Material to process:
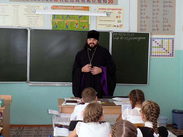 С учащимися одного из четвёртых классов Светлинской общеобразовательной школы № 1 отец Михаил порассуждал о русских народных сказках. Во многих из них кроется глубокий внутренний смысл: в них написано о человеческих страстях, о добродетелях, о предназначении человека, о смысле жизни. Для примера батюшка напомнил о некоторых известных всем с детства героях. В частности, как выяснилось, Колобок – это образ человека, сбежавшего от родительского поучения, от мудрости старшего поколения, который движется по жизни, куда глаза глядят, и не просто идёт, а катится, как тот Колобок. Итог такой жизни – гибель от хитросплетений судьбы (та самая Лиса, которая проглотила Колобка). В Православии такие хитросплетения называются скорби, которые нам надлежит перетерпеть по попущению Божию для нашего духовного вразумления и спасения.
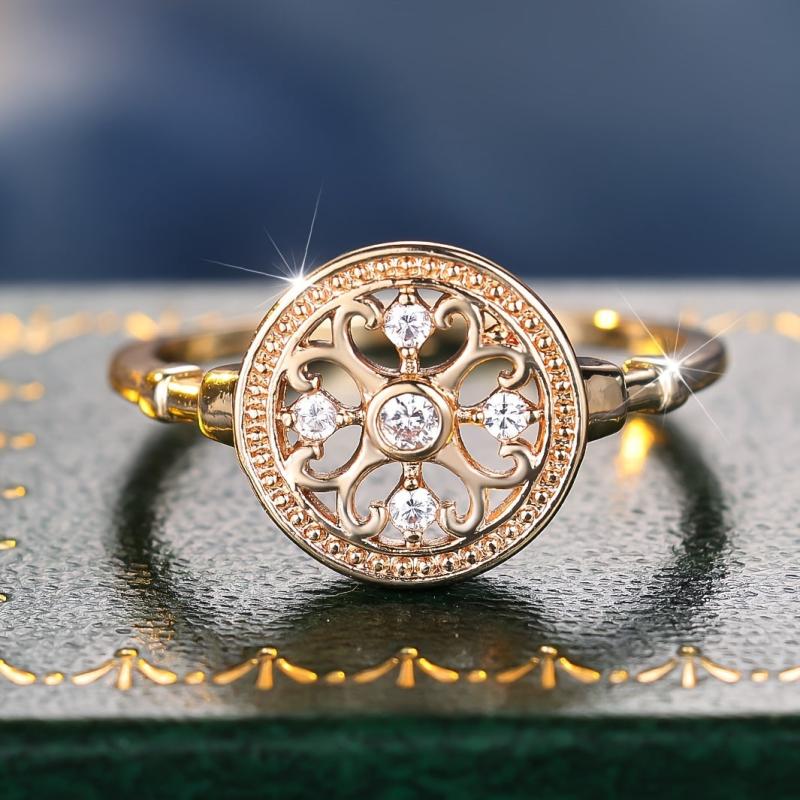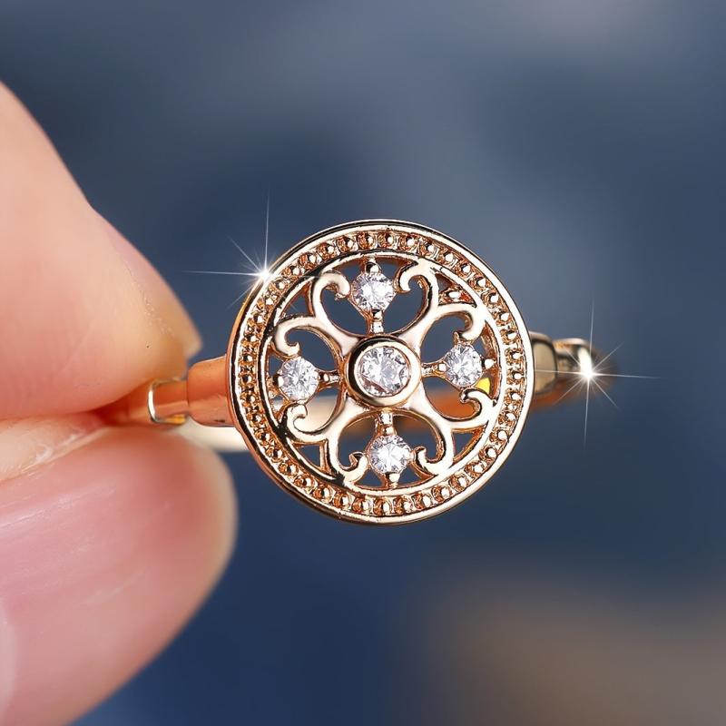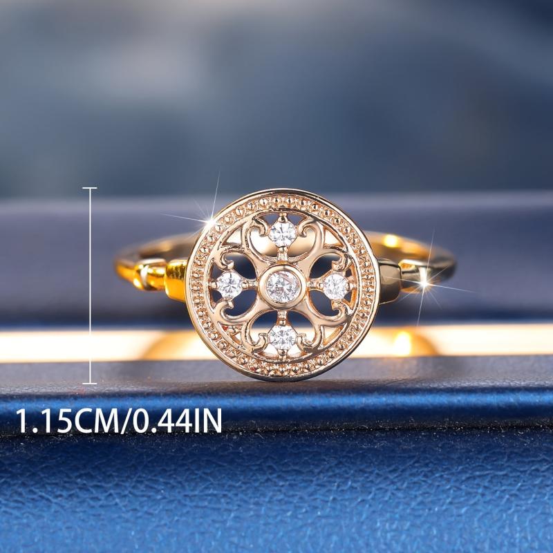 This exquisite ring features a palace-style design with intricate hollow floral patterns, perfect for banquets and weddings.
* * *
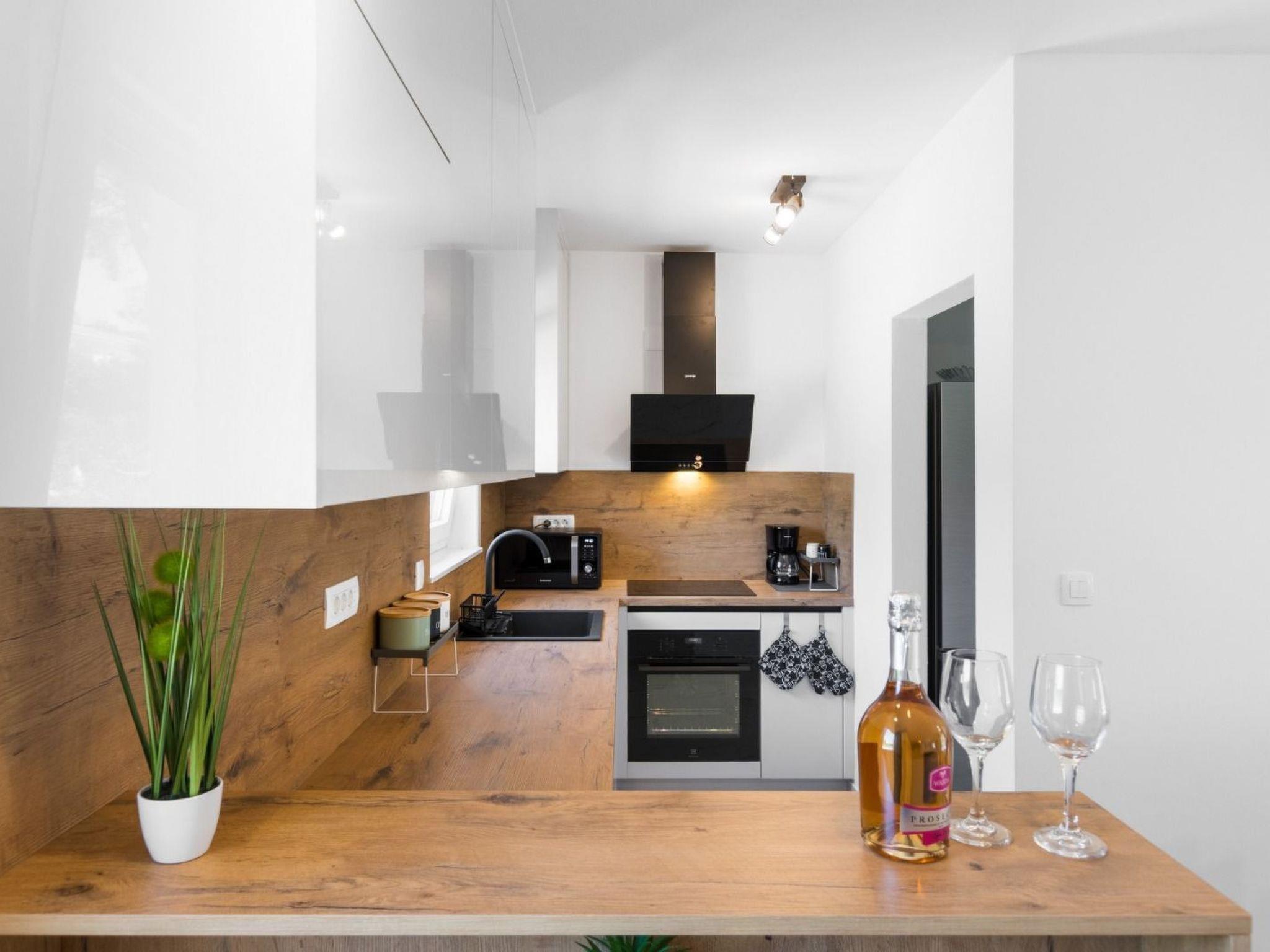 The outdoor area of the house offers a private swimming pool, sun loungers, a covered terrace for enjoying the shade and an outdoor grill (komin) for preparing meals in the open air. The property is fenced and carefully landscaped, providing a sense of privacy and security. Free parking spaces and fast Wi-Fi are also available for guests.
--
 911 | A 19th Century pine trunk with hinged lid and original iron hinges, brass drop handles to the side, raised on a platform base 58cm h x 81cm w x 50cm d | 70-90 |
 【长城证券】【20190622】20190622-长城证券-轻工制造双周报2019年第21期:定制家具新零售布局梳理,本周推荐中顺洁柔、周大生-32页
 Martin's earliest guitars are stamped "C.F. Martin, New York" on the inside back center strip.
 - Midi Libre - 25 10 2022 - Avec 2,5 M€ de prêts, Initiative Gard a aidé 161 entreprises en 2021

Task statement: In the data above, find the line containing "С учащимися одного" and the line containing "This exquisite ring". Copy exactly the stretch from the first through the second, both included, leaving out any picture.

Result below:
 С учащимися одного из четвёртых классов Светлинской общеобразовательной школы № 1 отец Михаил порассуждал о русских народных сказках. Во многих из них кроется глубокий внутренний смысл: в них написано о человеческих страстях, о добродетелях, о предназначении человека, о смысле жизни. Для примера батюшка напомнил о некоторых известных всем с детства героях. В частности, как выяснилось, Колобок – это образ человека, сбежавшего от родительского поучения, от мудрости старшего поколения, который движется по жизни, куда глаза глядят, и не просто идёт, а катится, как тот Колобок. Итог такой жизни – гибель от хитросплетений судьбы (та самая Лиса, которая проглотила Колобка). В Православии такие хитросплетения называются скорби, которые нам надлежит перетерпеть по попущению Божию для нашего духовного вразумления и спасения.
 This exquisite ring features a palace-style design with intricate hollow floral patterns, perfect for banquets and weddings.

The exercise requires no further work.